店舗兼住宅について支払った地代家賃、火災保険料、固定資産税、修繕費、水道料や電気料などのうちに含まれる、店舗にかかる部分は費用とできます。家事分と事業分との区分は、使用面積や点灯時間などの適切な基準によって按分計算します。

 

No.2210 やさしい必要経費の知識
https://www.nta.go.jp/taxanswer/shotoku/2210.htm
[3]必要経費に算入する場合の注意事項

 

 

7.棚卸資産の評価減は計上しているか確認する

 

棚卸資産のうち、災害により著しく損傷を受けたり、陳腐化したなどにより①通常の販売価額で販売できないものや、②通常の方法では使用に耐えないものは、年度末現在の処分可能価額で評価することができます

 

 

8.開業前の費用(開業費)は費用化しているか確認する

 

開業前にかかった経費がある場合、それらを費用にすることができます。

通常「個人事業の開業・廃業等届出書」に記載した日が開業費とみなされます。

開業費となるかのどうかは、基本的に事業を始めるためにかかった費用であれば認められます。

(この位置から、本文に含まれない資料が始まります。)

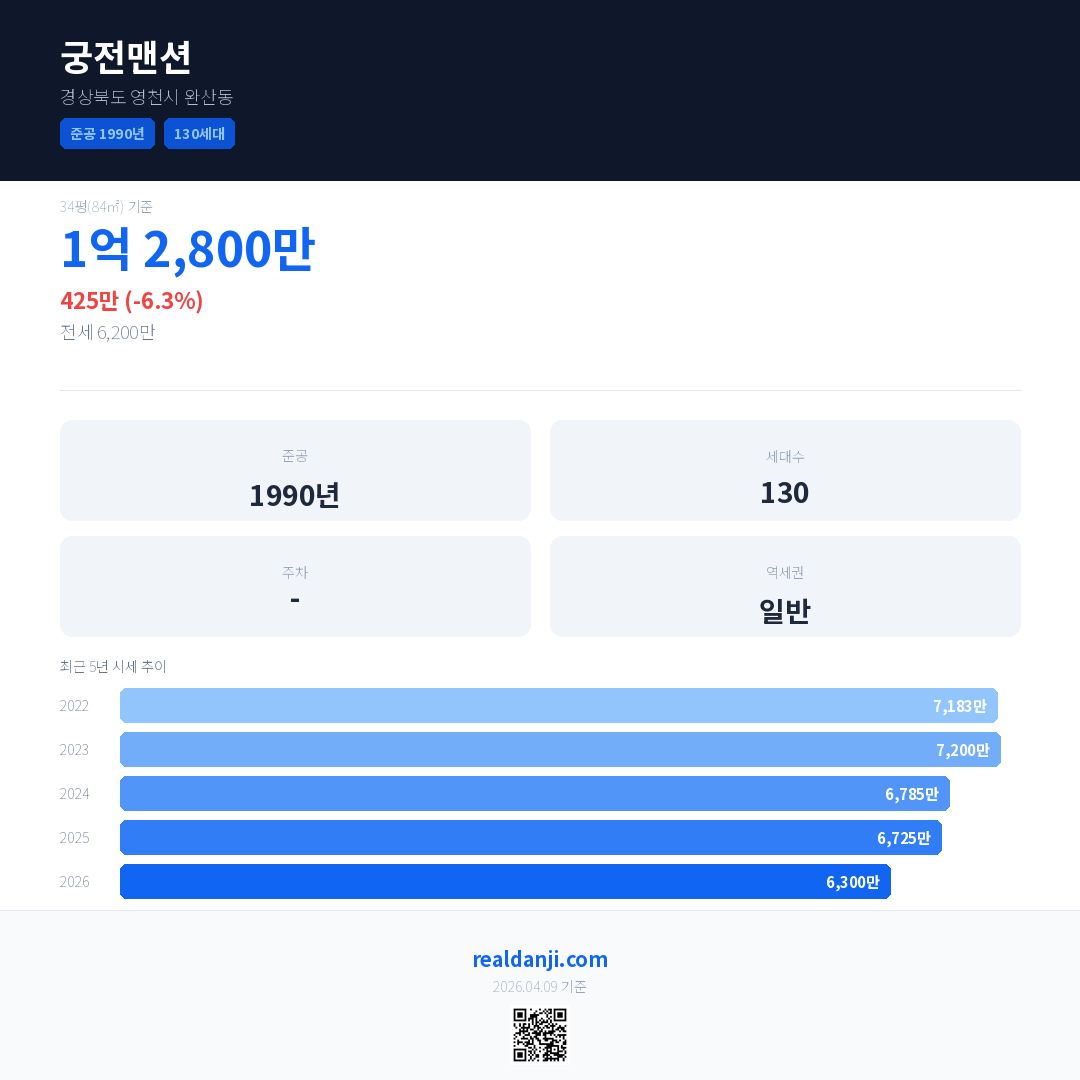 궁전맨션 국민평형 기준 2026년 평균 거래가는 6,300만으로, 전년 대비 6.3% 하락 했습니다.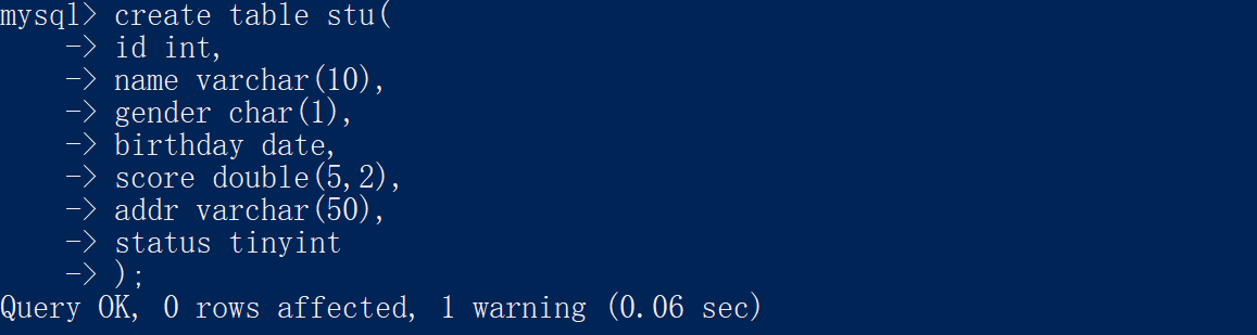 create table 表名稱(字段名1 數據類型,字段名2 數據類型,...字段名n 數據類型 #這里是不需要加上,的);小案例: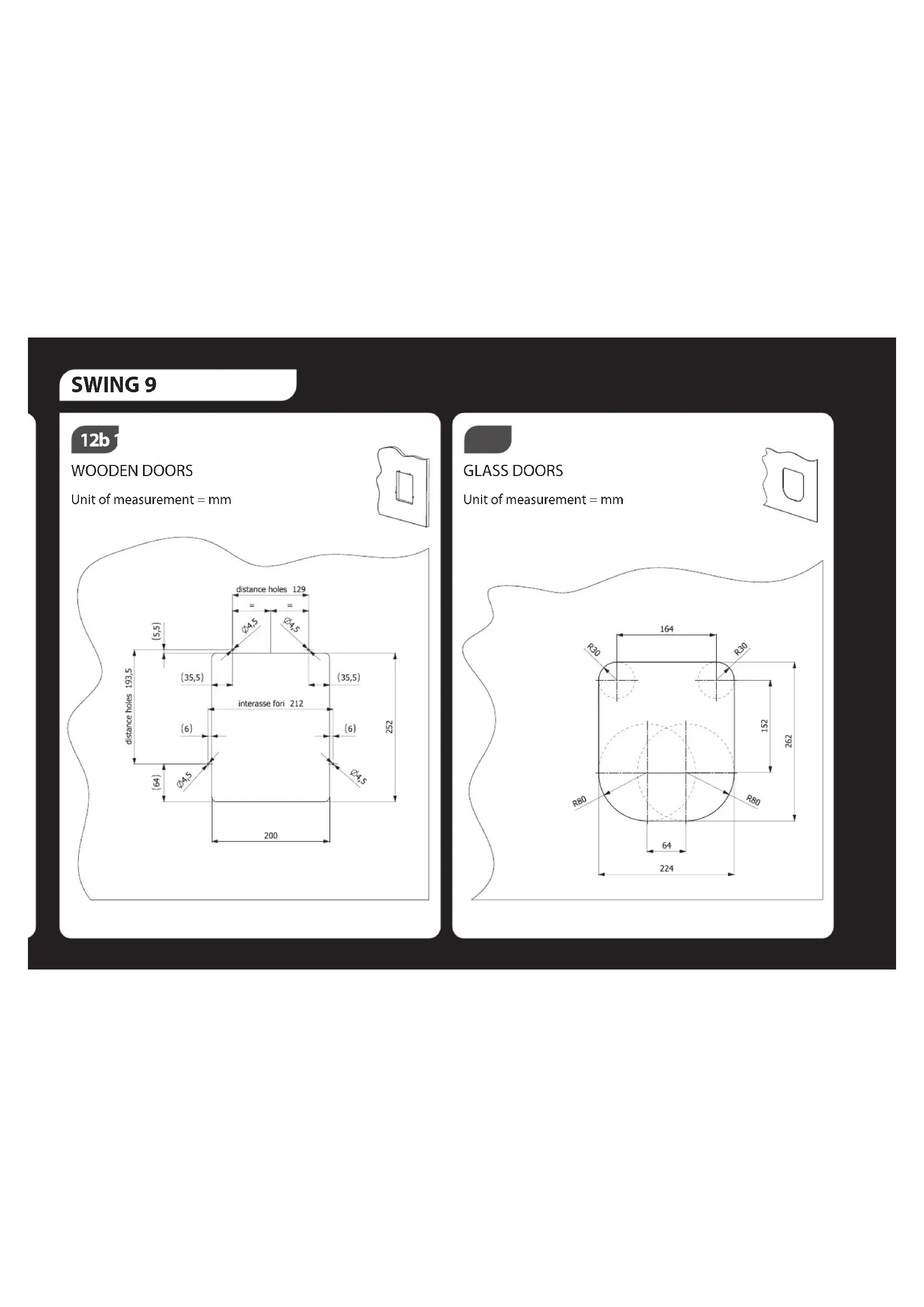 distance holes 129 = = φ4.5 φ4.5 (5,5) (35,5) (35,5) interasse fori 212 (6) (6) φ4.5 φ4.5 (64) 200 252GLASS DOORS

5年以内あれば任意の金額(開業費の範囲内)で自由に費用処理することができます。

 

 

9.来期の売上や今期の費用にできるものがないか確認する

 

①売上を来期に繰り延べられるケース

まだ商品などを売り上げていないのに受け取っているお金がある場合、本年度分の収入金額から除いて、前受金で処理することができます。

 

②費用を今期に計上できるケース

本年分の地代家賃などで未払のものは、未払費用として本年分の必要経費にすることができます。

 

要件が厳しいものもありますが、該当するものがあるのであれば、ぜひ見直してみましょう。